Tuesday, June 21, 2011

BUMMED!! 06/21/2011

Hello everyone!
How are you all doing?  Sorry this email is going to be very short because I have no time today. Well I got transferred and it was probably one of the top five hard things that I have ever had to deal with. Sister Craig and I just pretty much cried for two straight days. I didn't know what else to do and neither did she. We became more than companions. We were best friends too.  And now I just feel like a little piece of me is missing.  Its way hard.  It was so hard to leave Matt and Emily and the Gresser family in Puyallup.  I just cried and so did they.  I can't even express how I feel.  But I know that Heavenly Father needs me in Rochester and I will be okay... soon... I hope.... My new comp is Sister Fisher from Nevada.  I don't know much about her yet.  She doesn't talk a lot. Well at least yet.  And I hope she will soon.  Rochester is a tiny little town that kinda reminds me of Escalante.  It should be fun. There are lots of investigators so thats good. Sister Craig is still in Puyallup and she is training a Greenie.  I am so happy for her.
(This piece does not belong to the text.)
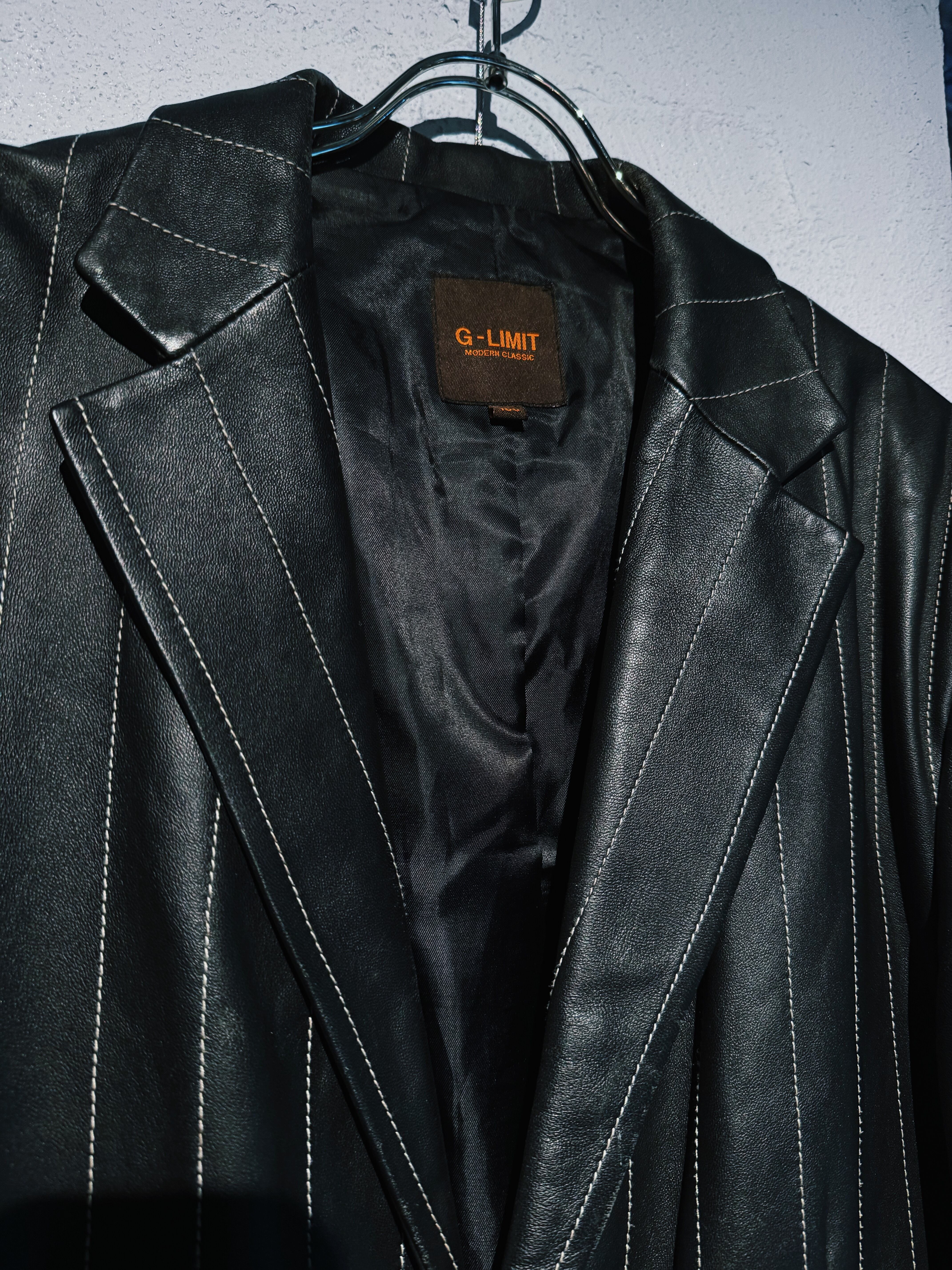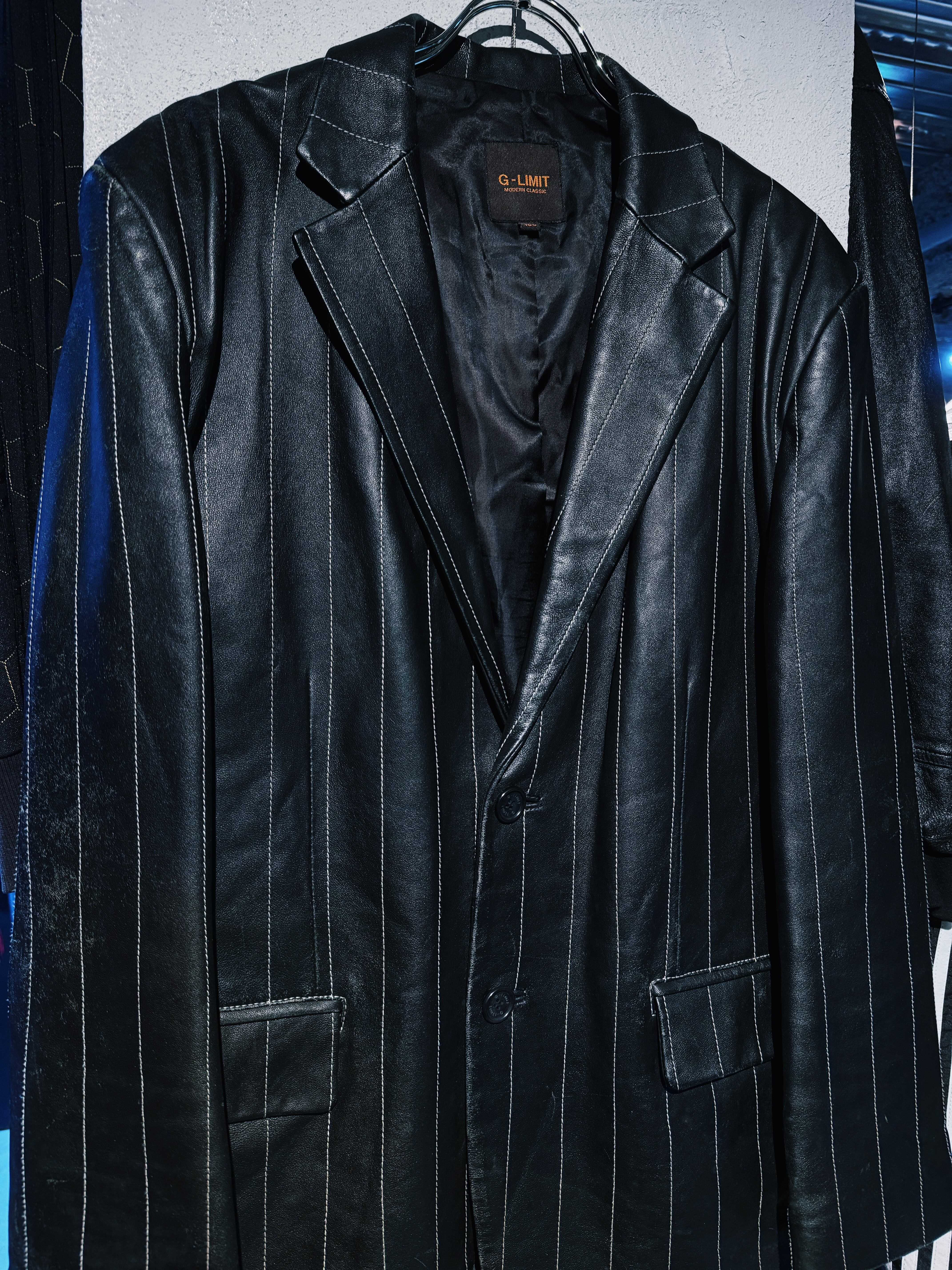 【D4C】90's vintage fake leather material stripes design tailored jacket

But we are both way sad. We moped around for days. And really I feel so lost. I had a little break down last night when I got into my new bed and she was not there to talk too. :( But don't worry I will be okay. Please keep me in your prayers and Keep Sister Craig in your prayers too. She is stressed haha.  I love you all have a great week!  Sorry this email was so depressing. Hahaha. Love you.


Love, Kate

P.s. I am trying to write everyone back who has written me but I am so short on time.  So be patient. Thanks I love you and daddy I hope you had a great fathers day. Love you.

Kate

Monday, June 13, 2011

06/13/11

Hello everybody!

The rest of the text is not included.